Early on in the war, both the United States and North Vietnam believed that a willingness to talk would convey weakness. North Vietnam needed to sense hesitancy in U.S. confidence in the effectiveness of escalation before opening to negotiations. In 1968, the Tet Offensive allowed North Vietnam to demonstrate its resilience and constrain U.S. strategic capacity by inflicting casualties and steadily depleting its resources.

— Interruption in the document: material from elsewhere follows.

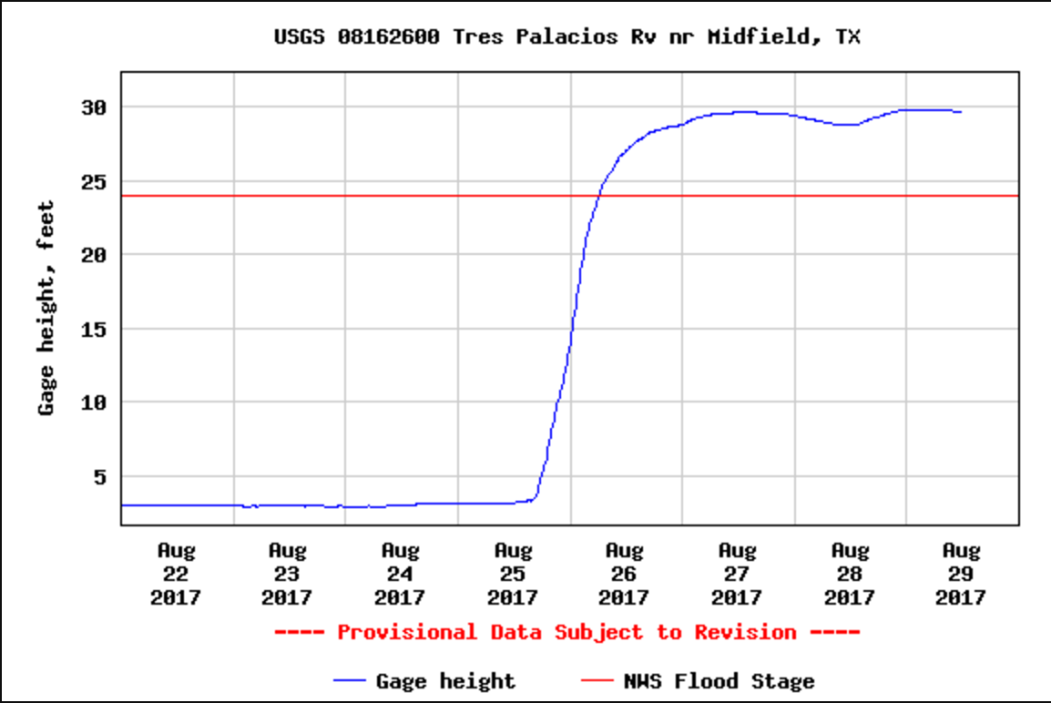 Graph of a USGS streamgage shows a fast spike of floodwater from the heavy rains Hurricane Harvey brought to Texas. Find more information from this gauge here: https://waterdata.usgs.gov/tx/nwis/uv/?site_no=08162600&PARAmeter_cd=00065,00060

Even though North Vietnam was materially weaker and Tet failed by all operational measures, it represented a psychological shock to U.S. leadership and “finally convinced the U.S. of Hanoi’s resilience, reducing the likelihood that an open diplomatic posture would be interpreted as weakness.” North Vietnam had been reluctant to negotiate before it could adequately signal its resilience, maintaining a closed diplomatic posture for three years. But after Tet, having communicated its resilience to Washington, Hanoi “no longer viewed an open diplomatic posture as a liability in the war effort.”

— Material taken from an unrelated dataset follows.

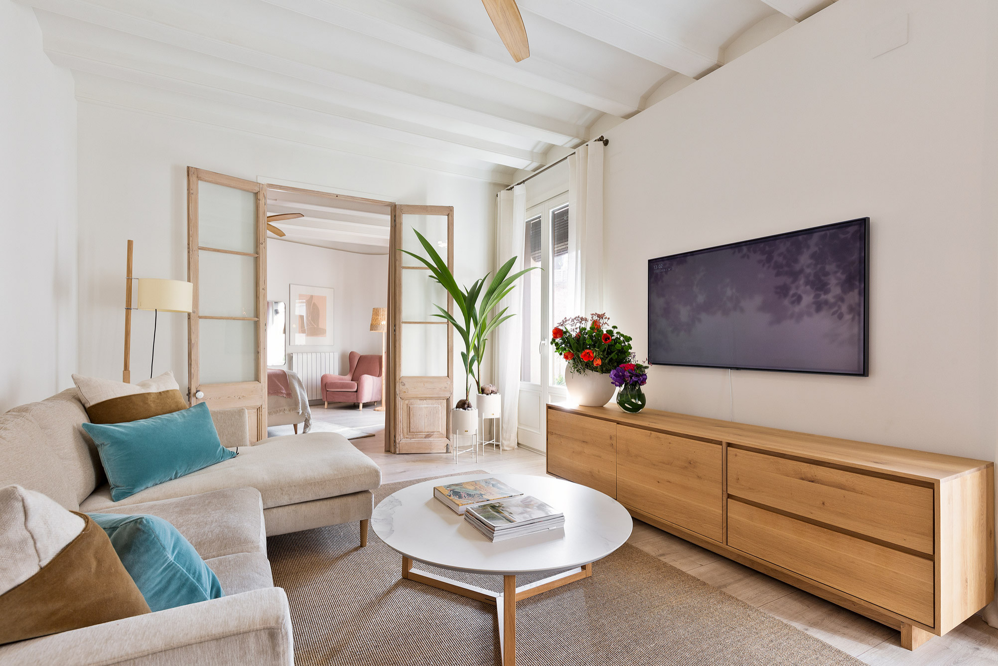 La clave para que este salón en Barcelona, ubicado en un piso de 50 m², parezca tan amplio son los tonos neutros y la distribución. “Además, el suelo original es de roble y la carpintería de las ventanas es bonita”, contaba Claudia de Sousa, responsable de la nueva decoración del piso.

The authors’ findings suggest that states are concerned about the negative material consequences that their diplomatic approach might have on the enemy. Thus, face-saving measures from the adversary are limited because the enemy would still perceive an open stance as a sign of weakness, potentially leading to further escalation. These findings are significant, as they demonstrate how counterproductive attempts to coerce opponents to negotiate can be.

At the same time, the study highlights new opportunities for external mediators “who can provide guarantees in ways that lessen the strategic costs of conversation,” Mastro and Siegel argue.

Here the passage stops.